··· INPUT RECORDS ···
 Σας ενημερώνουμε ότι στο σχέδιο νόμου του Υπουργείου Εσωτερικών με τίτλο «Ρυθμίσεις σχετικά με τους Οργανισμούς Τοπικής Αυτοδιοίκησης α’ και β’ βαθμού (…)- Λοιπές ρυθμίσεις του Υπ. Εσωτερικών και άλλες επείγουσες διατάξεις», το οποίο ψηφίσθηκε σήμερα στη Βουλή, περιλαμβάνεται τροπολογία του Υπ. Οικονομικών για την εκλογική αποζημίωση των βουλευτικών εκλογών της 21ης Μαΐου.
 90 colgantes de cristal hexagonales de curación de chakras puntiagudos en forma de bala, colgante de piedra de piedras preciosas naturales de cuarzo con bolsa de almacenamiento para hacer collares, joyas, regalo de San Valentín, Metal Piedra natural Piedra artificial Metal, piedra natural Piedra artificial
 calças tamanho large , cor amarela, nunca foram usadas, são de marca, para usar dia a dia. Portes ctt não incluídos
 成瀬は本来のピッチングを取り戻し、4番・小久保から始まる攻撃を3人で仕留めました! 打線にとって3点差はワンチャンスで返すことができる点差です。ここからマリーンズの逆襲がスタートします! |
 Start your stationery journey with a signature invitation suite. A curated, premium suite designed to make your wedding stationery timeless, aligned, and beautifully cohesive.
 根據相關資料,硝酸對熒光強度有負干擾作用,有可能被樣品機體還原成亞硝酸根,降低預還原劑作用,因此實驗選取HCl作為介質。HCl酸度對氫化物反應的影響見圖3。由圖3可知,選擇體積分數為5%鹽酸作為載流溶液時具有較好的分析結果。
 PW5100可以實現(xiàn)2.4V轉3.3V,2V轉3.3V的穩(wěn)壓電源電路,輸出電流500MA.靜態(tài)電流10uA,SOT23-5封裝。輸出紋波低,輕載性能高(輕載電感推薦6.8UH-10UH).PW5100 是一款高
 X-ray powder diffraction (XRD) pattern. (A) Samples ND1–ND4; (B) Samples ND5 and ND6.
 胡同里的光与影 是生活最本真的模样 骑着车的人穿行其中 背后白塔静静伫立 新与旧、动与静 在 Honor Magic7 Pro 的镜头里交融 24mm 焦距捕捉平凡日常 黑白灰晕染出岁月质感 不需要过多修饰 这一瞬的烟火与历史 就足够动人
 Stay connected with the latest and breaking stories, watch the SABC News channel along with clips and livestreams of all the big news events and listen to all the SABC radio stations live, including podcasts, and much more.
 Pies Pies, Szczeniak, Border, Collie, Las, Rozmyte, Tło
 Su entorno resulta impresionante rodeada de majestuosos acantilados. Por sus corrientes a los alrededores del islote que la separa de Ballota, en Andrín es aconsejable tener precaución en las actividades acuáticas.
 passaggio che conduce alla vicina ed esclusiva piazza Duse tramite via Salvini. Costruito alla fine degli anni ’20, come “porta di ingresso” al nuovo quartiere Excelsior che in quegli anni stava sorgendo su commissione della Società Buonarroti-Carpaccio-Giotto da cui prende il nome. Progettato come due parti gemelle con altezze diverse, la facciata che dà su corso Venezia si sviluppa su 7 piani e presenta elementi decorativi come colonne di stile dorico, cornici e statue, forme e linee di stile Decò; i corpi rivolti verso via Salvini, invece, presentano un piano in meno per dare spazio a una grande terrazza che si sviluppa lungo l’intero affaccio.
···
■ **PROBLEM DETAILS**: Take the stretch of lines above from the one containing "90 colgantes de" through the one containing "Start your stationery" and repeat it exactly, adding no other line.

■ **ANSWER SPACE**:
 90 colgantes de cristal hexagonales de curación de chakras puntiagudos en forma de bala, colgante de piedra de piedras preciosas naturales de cuarzo con bolsa de almacenamiento para hacer collares, joyas, regalo de San Valentín, Metal Piedra natural Piedra artificial Metal, piedra natural Piedra artificial
 calças tamanho large , cor amarela, nunca foram usadas, são de marca, para usar dia a dia. Portes ctt não incluídos
 成瀬は本来のピッチングを取り戻し、4番・小久保から始まる攻撃を3人で仕留めました! 打線にとって3点差はワンチャンスで返すことができる点差です。ここからマリーンズの逆襲がスタートします! |
 Start your stationery journey with a signature invitation suite. A curated, premium suite designed to make your wedding stationery timeless, aligned, and beautifully cohesive.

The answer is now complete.